◆ WHAT THE TASK ASKS:
In the records below, find the line with "Thorne Multi-Vitamin Elite", then retype it and every following line exactly, stopping after the line with "当前位置: 首页 >内蒙古鄂尔多斯市纹身店-班尼刺青工作室纹身图案>艺妓纹身图片_手臂老传统纹身图案". Leave the pictures out.

[[ EXERCISE DATA open ]]

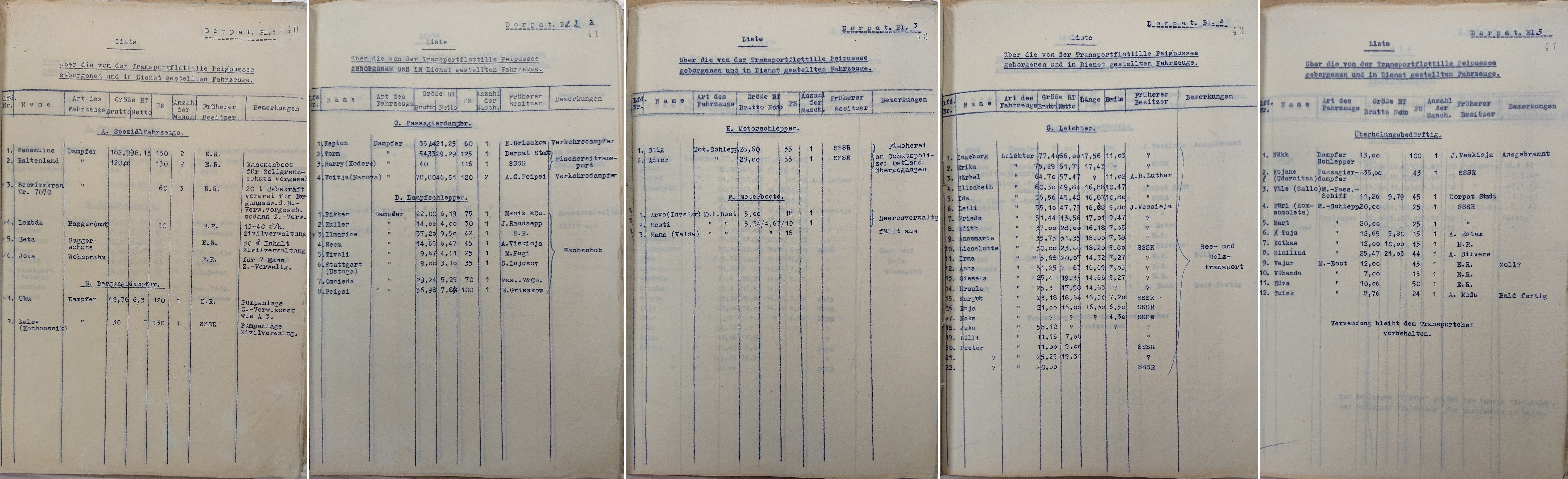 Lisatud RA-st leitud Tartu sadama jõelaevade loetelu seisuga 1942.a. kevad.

[[ EXERCISE DATA closed ]]
[[ EXERCISE DATA open ]]

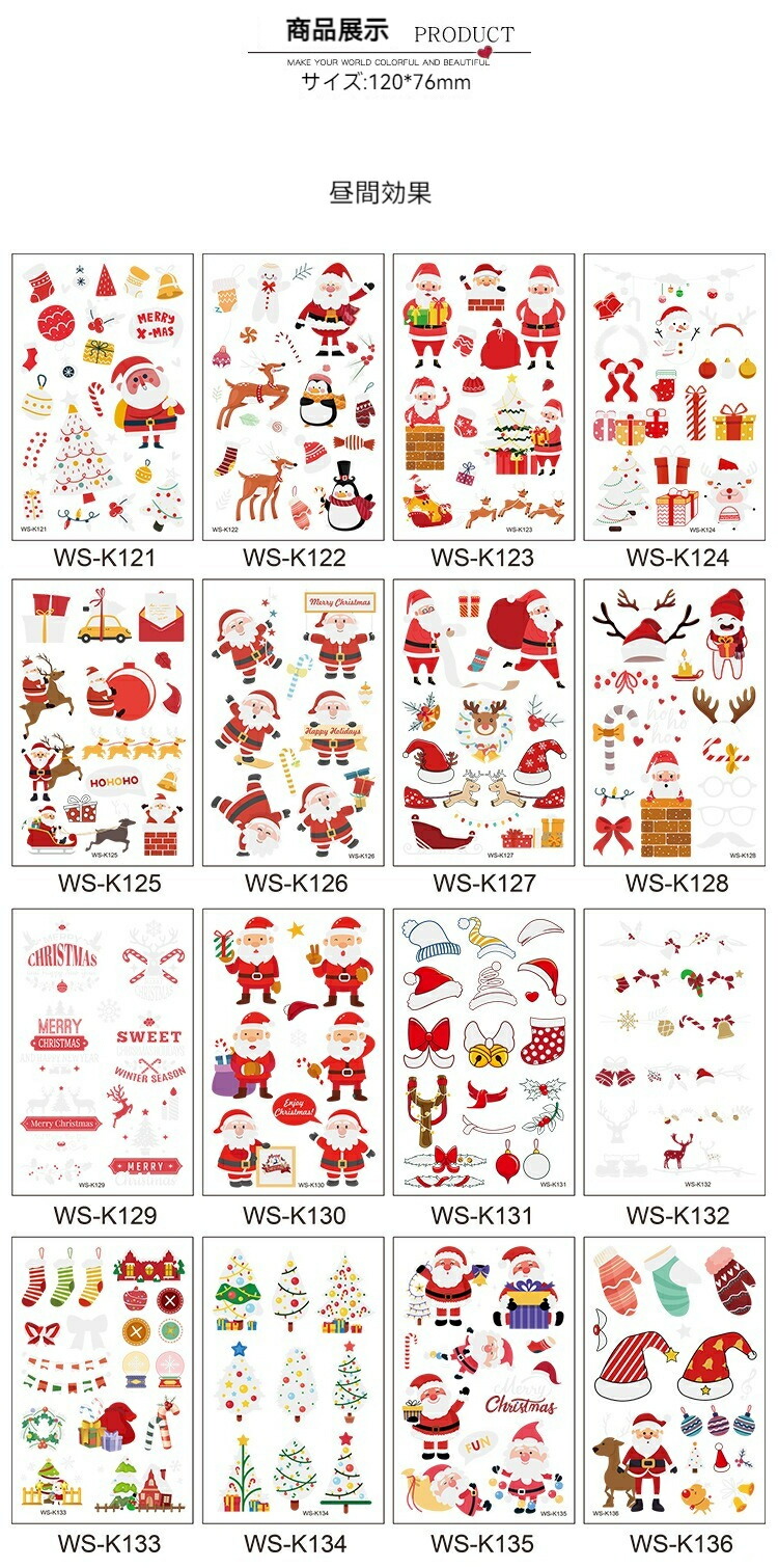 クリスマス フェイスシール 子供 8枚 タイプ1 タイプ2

[[ EXERCISE DATA closed ]]
[[ EXERCISE DATA open ]]

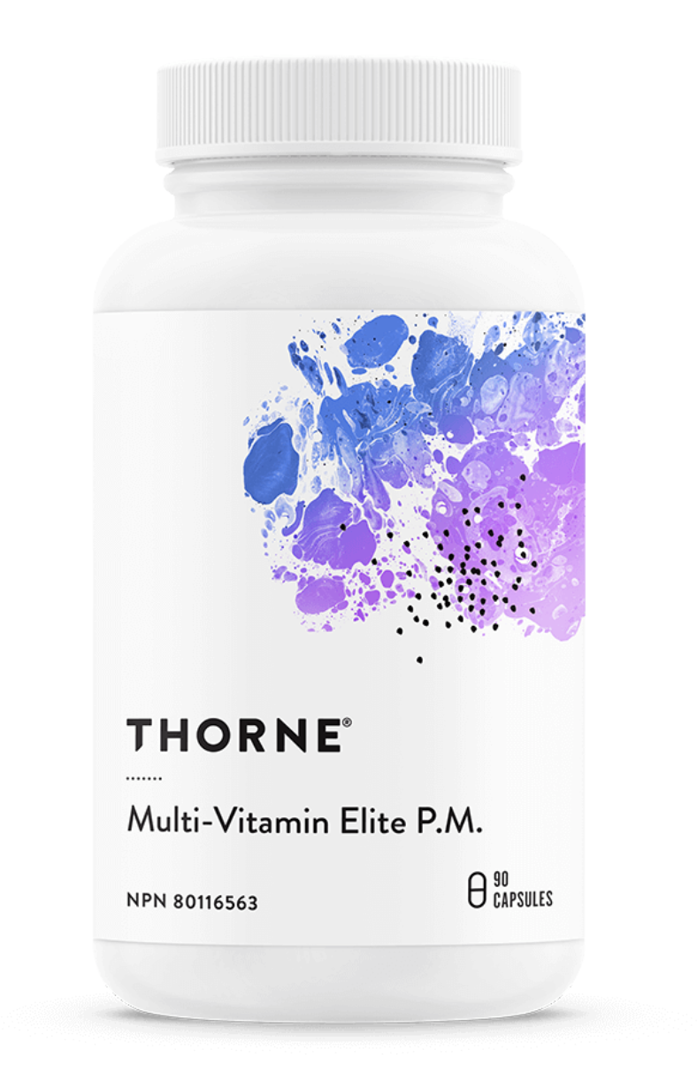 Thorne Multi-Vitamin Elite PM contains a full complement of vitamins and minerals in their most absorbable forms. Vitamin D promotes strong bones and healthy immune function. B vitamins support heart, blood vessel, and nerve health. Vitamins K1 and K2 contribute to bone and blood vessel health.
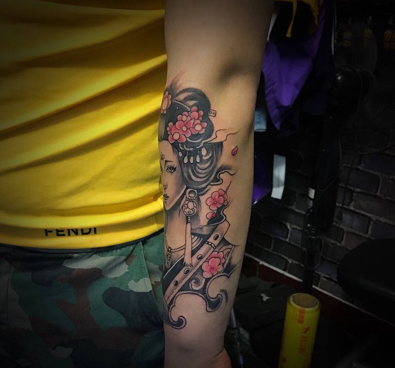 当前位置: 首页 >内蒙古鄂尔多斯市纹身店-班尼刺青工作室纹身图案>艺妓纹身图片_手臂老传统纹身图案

[[ EXERCISE DATA closed ]]

◆ EXERCISE SOLUTION:
 Thorne Multi-Vitamin Elite PM contains a full complement of vitamins and minerals in their most absorbable forms. Vitamin D promotes strong bones and healthy immune function. B vitamins support heart, blood vessel, and nerve health. Vitamins K1 and K2 contribute to bone and blood vessel health.
 当前位置: 首页 >内蒙古鄂尔多斯市纹身店-班尼刺青工作室纹身图案>艺妓纹身图片_手臂老传统纹身图案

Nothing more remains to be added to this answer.